In the past I've made the mistake of totally fogetting the legpress is favor of the squat. I'm not argueing, the squat is a superior movement, but the legpress does have things to offer.
Mainly the fact that it is very difficult (and dangerous) to goto failure on squats. With the leg press you can load up and squeeze out reps untill you bottom the thing out and can't get it back up.
I use to take squats to failure, squatting ATF and being my squat weights were quite light at the time, (under 200). It was not much of a problem for my spotter to help me out when I tripped with fatigue or failed.
As the weight increased it got increasingly dangerous, I first realized I couldn't really give 100% safty when my friend was warming up doing 315 (working set was 405). All of a sudden his left leg gave out, caught me off guard since he was just warming up. I grabbed the weights as they fell and it nearly ripped my arms out since it was dropping. No one was hurt, he wasn't sure why his leg just gave out but it made it clear to us at that point that while we could spot we couldn't really do too much if failure is 100%.
Now, because of schedules I don't even have a spot. The catch bars while better than nothing. Don't give me full confidence to really push myself to my limits.
In comes the leg press.
I can push myself untill I really do fail.
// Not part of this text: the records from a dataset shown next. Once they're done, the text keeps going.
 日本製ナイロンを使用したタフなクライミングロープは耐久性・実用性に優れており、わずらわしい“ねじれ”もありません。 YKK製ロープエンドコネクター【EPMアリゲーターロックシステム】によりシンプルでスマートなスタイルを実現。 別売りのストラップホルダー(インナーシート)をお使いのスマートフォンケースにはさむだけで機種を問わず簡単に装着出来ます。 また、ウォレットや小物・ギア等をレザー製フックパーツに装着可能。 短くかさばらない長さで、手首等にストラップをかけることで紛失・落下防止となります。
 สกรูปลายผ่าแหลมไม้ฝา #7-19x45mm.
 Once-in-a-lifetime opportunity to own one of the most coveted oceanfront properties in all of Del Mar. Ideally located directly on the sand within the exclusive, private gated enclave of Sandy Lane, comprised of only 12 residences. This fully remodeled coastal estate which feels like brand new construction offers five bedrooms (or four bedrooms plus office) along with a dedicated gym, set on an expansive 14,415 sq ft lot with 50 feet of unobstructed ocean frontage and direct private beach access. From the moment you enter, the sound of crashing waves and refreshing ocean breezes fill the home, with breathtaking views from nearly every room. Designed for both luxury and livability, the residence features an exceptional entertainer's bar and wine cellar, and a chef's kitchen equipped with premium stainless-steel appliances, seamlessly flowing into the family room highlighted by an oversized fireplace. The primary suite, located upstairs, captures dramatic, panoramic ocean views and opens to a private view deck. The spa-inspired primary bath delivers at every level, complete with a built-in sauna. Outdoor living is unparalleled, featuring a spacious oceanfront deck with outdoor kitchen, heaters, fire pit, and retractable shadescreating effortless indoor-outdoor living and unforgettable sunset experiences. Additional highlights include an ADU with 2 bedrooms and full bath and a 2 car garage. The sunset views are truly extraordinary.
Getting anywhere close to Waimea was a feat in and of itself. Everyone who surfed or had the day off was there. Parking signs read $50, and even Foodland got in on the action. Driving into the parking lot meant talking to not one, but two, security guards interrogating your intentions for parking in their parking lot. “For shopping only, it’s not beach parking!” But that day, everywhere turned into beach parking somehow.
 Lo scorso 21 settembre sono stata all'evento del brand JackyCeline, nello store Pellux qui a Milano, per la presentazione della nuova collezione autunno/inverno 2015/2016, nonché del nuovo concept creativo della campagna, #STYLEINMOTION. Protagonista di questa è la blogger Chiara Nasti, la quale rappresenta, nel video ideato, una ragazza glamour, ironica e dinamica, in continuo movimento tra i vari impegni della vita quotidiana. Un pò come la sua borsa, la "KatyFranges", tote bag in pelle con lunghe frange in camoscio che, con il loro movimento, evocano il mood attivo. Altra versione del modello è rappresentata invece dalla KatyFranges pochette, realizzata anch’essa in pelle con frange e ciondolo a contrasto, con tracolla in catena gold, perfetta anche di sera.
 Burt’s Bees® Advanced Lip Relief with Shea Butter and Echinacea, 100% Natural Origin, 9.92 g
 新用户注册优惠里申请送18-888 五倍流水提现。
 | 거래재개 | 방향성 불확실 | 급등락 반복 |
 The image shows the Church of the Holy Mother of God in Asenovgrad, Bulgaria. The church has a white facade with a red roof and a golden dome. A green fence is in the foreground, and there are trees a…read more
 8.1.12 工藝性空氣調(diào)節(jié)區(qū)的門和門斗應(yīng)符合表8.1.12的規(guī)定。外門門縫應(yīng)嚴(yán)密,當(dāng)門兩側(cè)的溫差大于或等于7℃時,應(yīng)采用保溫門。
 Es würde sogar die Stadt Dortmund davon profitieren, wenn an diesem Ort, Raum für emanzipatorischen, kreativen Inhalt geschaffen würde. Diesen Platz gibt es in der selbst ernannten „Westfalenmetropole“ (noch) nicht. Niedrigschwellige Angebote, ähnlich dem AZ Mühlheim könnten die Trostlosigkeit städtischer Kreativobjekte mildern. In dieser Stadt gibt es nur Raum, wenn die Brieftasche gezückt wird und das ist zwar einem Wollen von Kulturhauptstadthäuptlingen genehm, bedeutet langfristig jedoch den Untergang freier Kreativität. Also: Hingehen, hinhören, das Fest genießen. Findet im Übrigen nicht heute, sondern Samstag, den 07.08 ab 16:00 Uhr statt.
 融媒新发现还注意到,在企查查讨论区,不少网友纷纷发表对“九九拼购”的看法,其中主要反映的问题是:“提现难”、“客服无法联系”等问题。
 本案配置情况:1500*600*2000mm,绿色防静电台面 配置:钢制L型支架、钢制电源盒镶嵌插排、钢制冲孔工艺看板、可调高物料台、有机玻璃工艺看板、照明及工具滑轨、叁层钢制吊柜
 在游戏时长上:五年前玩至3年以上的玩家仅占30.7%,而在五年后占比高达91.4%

So long as you have enough flexibility that if the weight bottoms out you don't crush yourself. You can give it you all and no need for a spot.
I still squat, its the base of my leg day.
but, I actually think more growth is coming from the legpress at the moment. (in quads only, since my leg placement on the press takes my glutes largely out of the movement)
Eventually I wish to rig chains to the squat bar and hook them to the top of the rack (theres a chin bar uptop) that way we can once again squat to failure untill then my leg day won't be complete without the legpress.
In short, don't forget about the legpress because of all the tadoo surrounding the squat. The squat is a great movement but most of us probably can't safely push our selfs to the limit on it.
PS. I have set up benches on either side of the rack and then put some wooden bocks on each side effectively making a cage. I've failed a few times like that and watched splinters of wood go flying off. It worked and occasionally I do it, but a few times I've failled so that I would have broken my neck if the benches were not in place and it eventually started sinking in that banking safety on this half-assed cage wasn't worth the risk.
Mainly the fact that it is very difficult (and dangerous) to goto failure on squats. With the leg press you can load up and squeeze out reps untill you bottom the thing out and can't get it back up.
I use to take squats to failure, squatting ATF and being my squat weights were quite light at the time, (under 200). It was not much of a problem for my spotter to help me out when I tripped with fatigue or failed.
As the weight increased it got increasingly dangerous, I first realized I couldn't really give 100% safty when my friend was warming up doing 315 (working set was 405). All of a sudden his left leg gave out, caught me off guard since he was just warming up. I grabbed the weights as they fell and it nearly ripped my arms out since it was dropping. No one was hurt, he wasn't sure why his leg just gave out but it made it clear to us at that point that while we could spot we couldn't really do too much if failure is 100%.
Now, because of schedules I don't even have a spot. The catch bars while better than nothing. Don't give me full confidence to really push myself to my limits.
In comes the leg press.
I can push myself untill I really do fail. So long as you have enough flexibility that if the weight bottoms out you don't crush yourself. You can give it you all and no need for a spot.
I still squat, its the base of my leg day.
but, I actually think more growth is coming from the legpress at the moment. (in quads only, since my leg placement on the press takes my glutes largely out of the movement)
Eventually I wish to rig chains to the squat bar and hook them to the top of the rack (theres a chin bar uptop) that way we can once again squat to failure untill then my leg day won't be complete without the legpress.
In short, don't forget about the legpress because of all the tadoo surrounding the squat. The squat is a great movement but most of us probably can't safely push our selfs to the limit on it.
PS. I have set up benches on either side of the rack and then put some wooden bocks on each side effectively making a cage. I've failed a few times like that and watched splinters of wood go flying off. It worked and occasionally I do it, but a few times I've failled so that I would have broken my neck if the benches were not in place and it eventually started sinking in that banking safety on this half-assed cage wasn't worth the risk.